Delivered by Ambassador Dagfinn Sørli
On 18 October, Norway submitted its request for the establishment of a panel in this dispute regarding the United States’ additional tariffs on certain steel and aluminium products of 25% and 10% respectively.
In making this request, Norway joins six other co-complainants in seeking to bring the United States’ steel and aluminium tariffs before a WTO panel. This collective resort to dispute settlement reflects the serious concern of the WTO Membership over the United States’ actions. It also reflects trust and confidence in the WTO as a forum for resolving international trade disputes.
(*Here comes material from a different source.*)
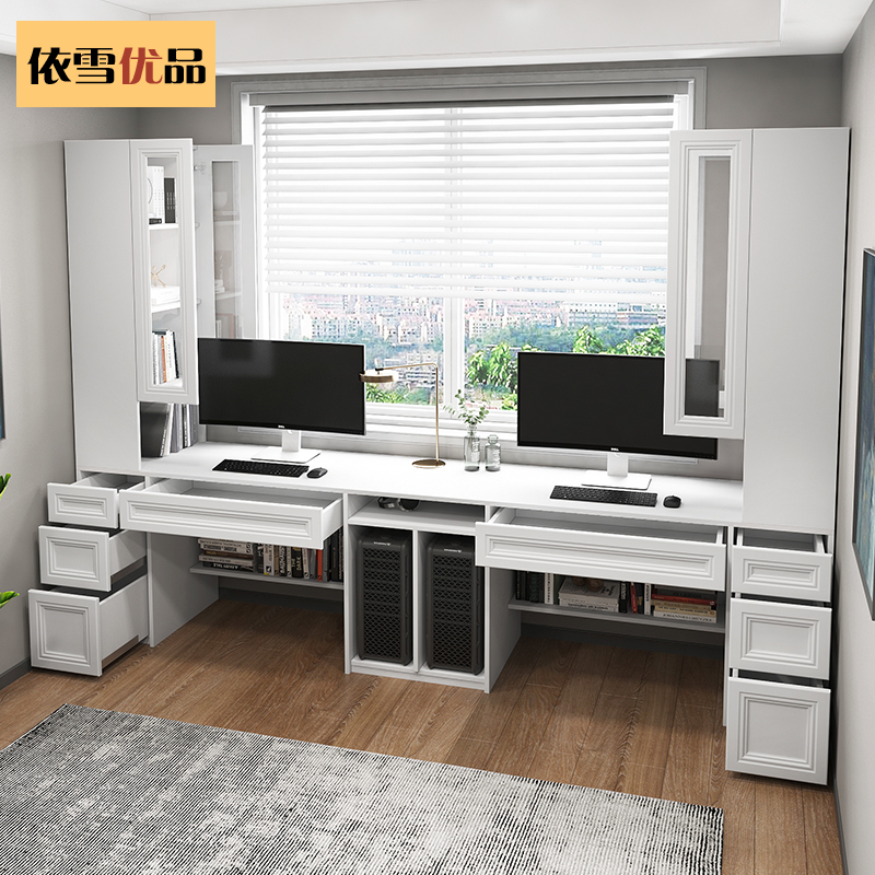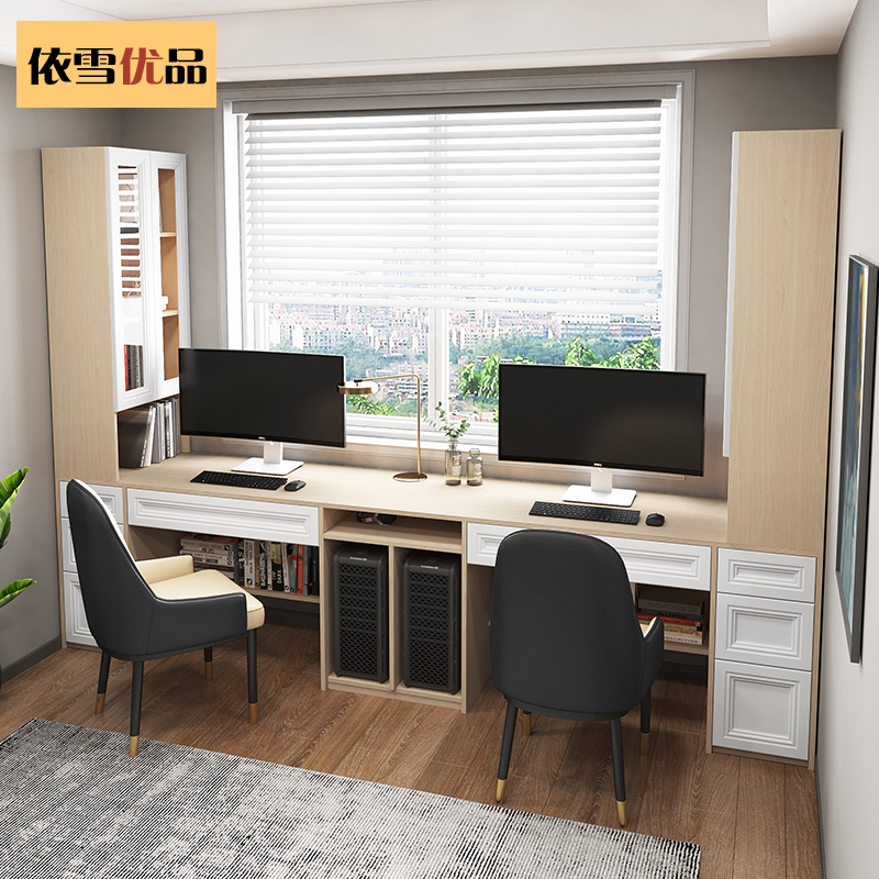Simple modern bay window bookcase desk one household double student desk Desk bookshelf Computer desk combination

The seven panel requests reflect a shared conviction among the co-complainants: the US steel and aluminium tariffs are inconsistent with the United States’ WTO obligations.
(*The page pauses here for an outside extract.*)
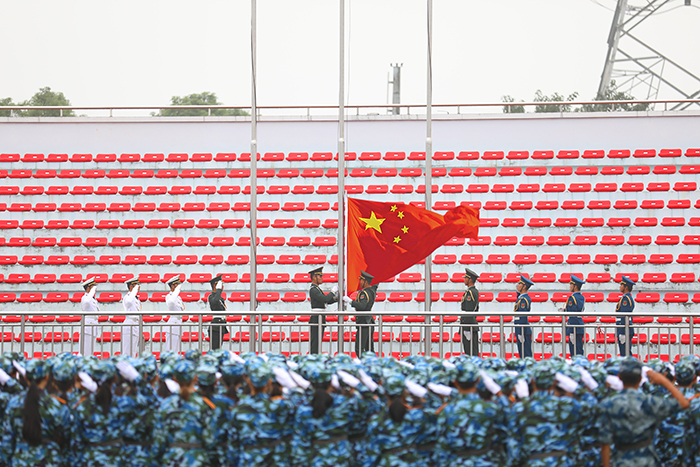 8时整,庄严的国歌声中,五星红旗冉冉升起。随后,于果宣布检阅开始。

In particular, the tariffs fail to respect the United States’ obligations under the Agreement on Safeguards. We appreciate that the United States does not characterize the steel and aluminium tariffs as “safeguard measures” as a matter of US municipal law. However, the question is not one of municipal law.
Rather, the question is whether, as a matter of WTO law, the steel and aluminium tariffs constitute “safeguard measures” under the Agreement on Safeguards. It will fall for the WTO panel to decide which WTO obligations apply to the US steel and aluminium tariffs, based on an objective assessment of the “content and substance” of the measures, and the applicability of the covered agreements.
The steel and aluminium tariffs also violate cornerstone principles of the GATT 1994. The United States imposes duties on imports at levels higher than those provided for in the US Schedule of Concessions. Moreover, the United States has granted select WTO Members exemptions to the steel and aluminium tariffs. No such exemptions have been extended to the seven co-complainants. The US measures, therefore, involve a material difference in the treatment of imports from different WTO Members.
The measures imposed by the United States have affected Norwegian exports of steel and aluminium since they came into effect on 23 March 2018. Norway is deeply concerned about the United States’ action in this case, and the negative impact it will have on the WTO system, if left un-challenged. That is why Norway’s reasons for bringing this dispute go beyond the actual impact of our exports of steel and aluminium, and is evenly linked to our primary interest in maintaining, as a matter of principle, the rules-based multilateral trading system. Norway is worried that the United States would adopt measures so evidently inconsistent with obligations fundamental to the rules-based trading system and offer a purported justification that is so evidently divorced from real-world security concerns.
Norway appreciates the sensitivity of the matters raised in this dispute. However, Norway is confident that a WTO panel will be well-equipped to assess the co-complainants’ claims, using the rules and procedures set out in the DSU and the covered agreements. This is not, after all, the first sensitive dispute to come to the WTO. Indeed, Norway values the WTO dispute settlement system precisely because of its tried and tested ability to handle sensitive disputes.
Norway requested formal dispute settlement consultations with the United States on this matter on 12 June 2018, and held consultations with the United States on 19 July 2018. Unfortunately, such consultations failed to resolve the dispute. Accordingly, Norway requests that a panel be established with standard terms of reference.
Like other co-complainants, and with reference to Article 9.1 of the DSU, Norway requests the establishment of a single panel to examine all seven complaints brought today in relation to the same US measures on imports of steel and aluminium, as all seven panel requests are related to the same matter.